Russell Joseph McVinney (November 25, 1898—August 10, 1971) was an American prelate of the Roman Catholic Church. He served as bishop of the Diocese of Providence in Rhode Island from 1948 until his death in 1971.

==Biography==

=== Early life ===
Russell McVinney was born on November 25, 1898 in Warren, Rhode Island, to Thomas and Catherine (née Blessington) McVinney. He was baptized at St. Mary's of the Bay Church in Warren the following month. Shortly after his birth, McVinney and his family moved to the Mount Pleasant neighborhood of Providence. Since there was no parochial school at Blessed Sacrament Parish, he attended Academy Avenue Grade School, the local public school. He also attended Father Simmons' School of Religion, the religious education program at Blessed Sacrament.

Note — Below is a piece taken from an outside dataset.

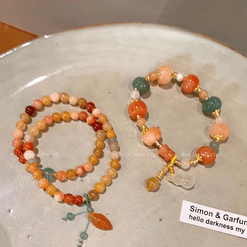 新中式南瓜葫芦串珠手链女新款古风手串国潮小众高级感编织绳手饰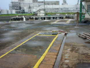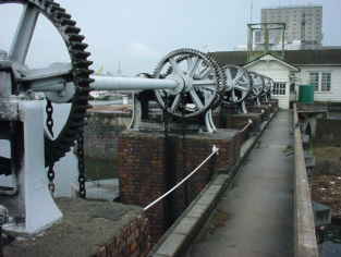 三池港の大きな特徴である閘門式水門は、有明海の干満差が5.5m以上もあるため、閘門によって有明海と渠内を仕切ることができ、水位を一定に保つことによって干潮時でも大型の船が着岸できるように造られた施設です。この水圧式水門によりドック内は常時8.5mの水深を維持でき、1万tクラスまでの荷役が可能になりました。水門は、パナマ運河と同じ様式で作られています。

In 1912, McVinney enrolled at La Salle Academy in Providence, graduating in 1916. He then attended St. Charles College in Catonsville, Maryland, from 1916 to 1918, and continued his studies at the Grand Seminary of Montreal in Montreal, Quebec, in 1918. In 1920, McVinney entered St. Bernard's Seminary in Rochester, New York, staying there for one year. He completed his studies at the American College of the Immaculate Conception in Leuven, Belgium.

=== Priesthood ===
McVinney was ordained to the priesthood for the Diocese of Providence at the American College on July 13, 1924 by Archbishop John Gregory Murray. Following his return to Rhode Island, he briefly served on a temporary assignment at the Cathedral of SS. Peter and Paul in Providence before becoming a curate at St. Patrick's Parish in Harrisville, Rhode Island. From 1929 to 1936, he served as a curate at St. Edward's Parish and a teacher at St. Raphael Academy, both in Pawtucket, Rhode Island. In 1935, McVinney studied journalism for a year at the University of Notre Dame in South Bend, Indiana.

From 1936 to 1941, McVinney served as associate editor of the Providence Visitor and did pastoral work at the Cathedral of SS. Peter and Paul. He directed the diocesan pilgrimage to the Eucharistic Congress at New Orleans, Louisiana, in 1938. He served as the first rector of the newly opened Our Lady of Providence Seminary in Warwick, Rhode Island from 1941 to 1948. During his tenure as rector, he also served as pro-synodal examiner and secretary of the body of examiners of junior clergy (1943–1948).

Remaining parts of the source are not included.